Thursday, July 10, 2008

What is the benefit of bilingual education?


In my experience, first-grade students who don't speak English can learn basic English rapidly, and can learn to read basic English just as rapidly.

But soon they hit a wall.

They can't keep up with instruction because they don't have the advanced vocabulary that native English speakers have developed at home. The English learners don't understand the concepts that are being taught, and don't gain the thinking skills they need.

I believe these skills need to be taught in Spanish while the students are learning English vocabulary and grammar. Kids will naturally be able to use their thinking skills in any language, and will catch up to grade level in English as long as their instruction is of a consistently good quality.

Children learn languages rapidly; they seem to be hard-wired for grammar and vocabulary acquisition. Unfortunately, the same is not true for more complex thinking skills. One of the unfortunate characteristics of poor families of any color is that adults tend to talk less to their children. Teachers need to teach kids to think, but it doesn't do much good to talk to kids in a language they don't understand.

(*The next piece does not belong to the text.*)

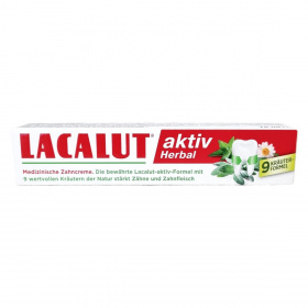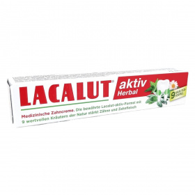 A Lacalut aktiv Herbal fogkrém a jól bevált Lacalut aktiv formulát és kilenc értékes gyógynövényt kombinál, melyek természetes eredetű összetevők 94,5%-át teszik ki. A termék értékes gyógynövényekkel, mint a mirha-kivonat és rozmaring, édeskömény, csillagánizs, eukaliptusz, borsmenta, kakukkfű, kamilla és zsálya illóolajai gondoskodik a fogak és a fogíny egészségéről, valamint hosszan tartó friss leheletet biztosít. Speciálisan fogágybetegségek megelőzésére, fogínyvérzés és fogszuvasodás elleni védelemre fejlesztették ki. A termék alumínium-laktáttal és nátrium-fluoriddal van gazdagítva, így hatékonyan erősíti a fogakat és feszesíti a fogínyt. Csak felnőttek és 12 év feletti gyermekek részére ajánlott használatra.

Why not get kids to operate on a higher level in the language they understand at the same time that kids are acquiring a second language? It takes more than the ability to speak English to get a good job; people who speak only English end up as ditch-diggers, too.

Why don't Hispanic immigrants assimilate the way other immigrant groups did? A few years back I was distressed to read that many second and third generation Hispanic immigrants are less successful in school than their parents were. I think this is a result of our failure to teach higher-level skills to the first generation that comes here. Sure, they learned basic English, but they didn't get the whole package, the critical thinking skills and love of learning that needs to start early if we want children to become part of our advanced technological society. And neither did their children.

Robert Samuelson of Newsweek recently wrote about a UCLA study: "Compared with their parents, the children of immigrants did make progress, Telles and Ortiz found. Incomes increased; English-language skills spread; intermarriage rose. But after the first generation, gains were grudging. Third-generation Mexican-Americans were only 30 percent as likely as non-Hispanics to have completed college. In the fourth generation, about 20 percent still had incomes below the government poverty line...Because government policies might mute these problems, they ought to be subjects of campaign debate."